For this tutorial we are going to select model #3.2 (Fig. 9.7 (B), green arrow). Renaming this model is the first step to save it. We can rename the model by typing in the ChimeraX command line:
rename #3.2 id #4
The renamed atomic structure will appear in the Models panel (Fig. 9.7 (C), green arrow). To track this new atomic structure in the Scipion workflow, we can write in the ChimeraX command line:
scipionwrite #4 prefix model_from_modeller_3_2_
In case that the Advanced option “Include non-water HETATM residues from template” (Fig. 9.7 (A, 5)) didn’t include the HEME group in the retrieved models, an alternative option to have the model with the HEME group (residue 144 from the atomic structure #2 chain A) could be:
rename #3.2 id #4 save /tmp/chainA.cif format mmcif models #4 open /tmp/chainA.cif select #2/A:144 save /tmp/HEME.cif format mmcif models #2 selectedOnly true open /tmp/HEME.cif scipioncombine #4,5 scipionwrite #6 prefix Hgb_alpha_
We have saved the HEME group of the template chain A in a new file that will be opened as model #5. Finally, the combination of models #4 (retrieved aminoacid model of the target sequence) and #5 (HEME group of the template chain A) generates a new model #6 that will be saved in Scipion. A different model ID could be selected by the user adding to the last command line modelid n.

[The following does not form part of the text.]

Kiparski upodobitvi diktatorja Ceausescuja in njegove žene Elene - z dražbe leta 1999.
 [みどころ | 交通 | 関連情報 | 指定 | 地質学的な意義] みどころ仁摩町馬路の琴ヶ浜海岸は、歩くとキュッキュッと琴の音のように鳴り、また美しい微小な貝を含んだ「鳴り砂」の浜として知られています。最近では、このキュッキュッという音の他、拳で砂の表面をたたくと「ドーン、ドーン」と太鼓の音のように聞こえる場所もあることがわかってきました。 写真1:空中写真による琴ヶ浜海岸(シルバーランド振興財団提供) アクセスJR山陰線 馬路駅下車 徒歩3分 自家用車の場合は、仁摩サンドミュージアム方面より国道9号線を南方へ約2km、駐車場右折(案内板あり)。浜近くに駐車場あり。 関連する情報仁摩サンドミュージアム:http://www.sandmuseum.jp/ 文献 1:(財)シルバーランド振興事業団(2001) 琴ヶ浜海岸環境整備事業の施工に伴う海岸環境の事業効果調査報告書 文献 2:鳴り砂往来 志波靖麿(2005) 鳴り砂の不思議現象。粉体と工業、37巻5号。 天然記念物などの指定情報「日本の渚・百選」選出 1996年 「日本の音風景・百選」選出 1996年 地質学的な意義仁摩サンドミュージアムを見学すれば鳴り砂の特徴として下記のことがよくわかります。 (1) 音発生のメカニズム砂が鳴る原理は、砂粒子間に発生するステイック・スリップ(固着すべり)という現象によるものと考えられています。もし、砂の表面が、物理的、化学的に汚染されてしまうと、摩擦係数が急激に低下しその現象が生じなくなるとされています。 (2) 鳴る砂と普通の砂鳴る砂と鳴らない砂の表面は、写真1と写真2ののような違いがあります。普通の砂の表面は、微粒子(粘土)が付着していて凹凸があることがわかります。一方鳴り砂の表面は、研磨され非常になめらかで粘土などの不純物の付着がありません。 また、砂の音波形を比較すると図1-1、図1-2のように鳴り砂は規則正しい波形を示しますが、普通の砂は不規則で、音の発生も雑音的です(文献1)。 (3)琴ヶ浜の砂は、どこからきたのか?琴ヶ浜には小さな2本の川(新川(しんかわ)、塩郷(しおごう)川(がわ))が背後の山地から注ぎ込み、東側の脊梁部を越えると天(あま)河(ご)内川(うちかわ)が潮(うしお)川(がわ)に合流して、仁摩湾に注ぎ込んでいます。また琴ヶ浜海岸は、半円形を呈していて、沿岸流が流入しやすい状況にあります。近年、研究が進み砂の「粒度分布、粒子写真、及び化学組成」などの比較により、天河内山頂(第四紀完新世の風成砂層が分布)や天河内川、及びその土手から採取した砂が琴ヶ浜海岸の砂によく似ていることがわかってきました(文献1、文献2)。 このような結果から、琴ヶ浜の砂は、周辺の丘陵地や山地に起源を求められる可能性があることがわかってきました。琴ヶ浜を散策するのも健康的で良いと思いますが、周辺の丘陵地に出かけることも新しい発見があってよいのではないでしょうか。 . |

After closing ChimeraX, you can visualize (Fig. 9.5 (8)) your full predicted model (Fig. 9.8) that includes the HEME group (1). The string that we have included as prefix in the command line scipionwrite will allow us to follow the atomic structure in a more simple manner. You can check the prefix in the name of the saved atomic structure (Hgb_alpha_Atom__struct_6_006815) in the Models panel of Fig. 9.8 (1). Interestingly, the suffix number of the saved atomic structure (006815) stands for the ID protocol number.
In a similar process, you can also obtain the initial atomic structure of the human metHgb \beta subunit. Take into account that in this last case the HEME group is the residue 148 of the chain B. The command lines are similar to the previous case of the metHgb \alpha subunit if you also select the model #3.2.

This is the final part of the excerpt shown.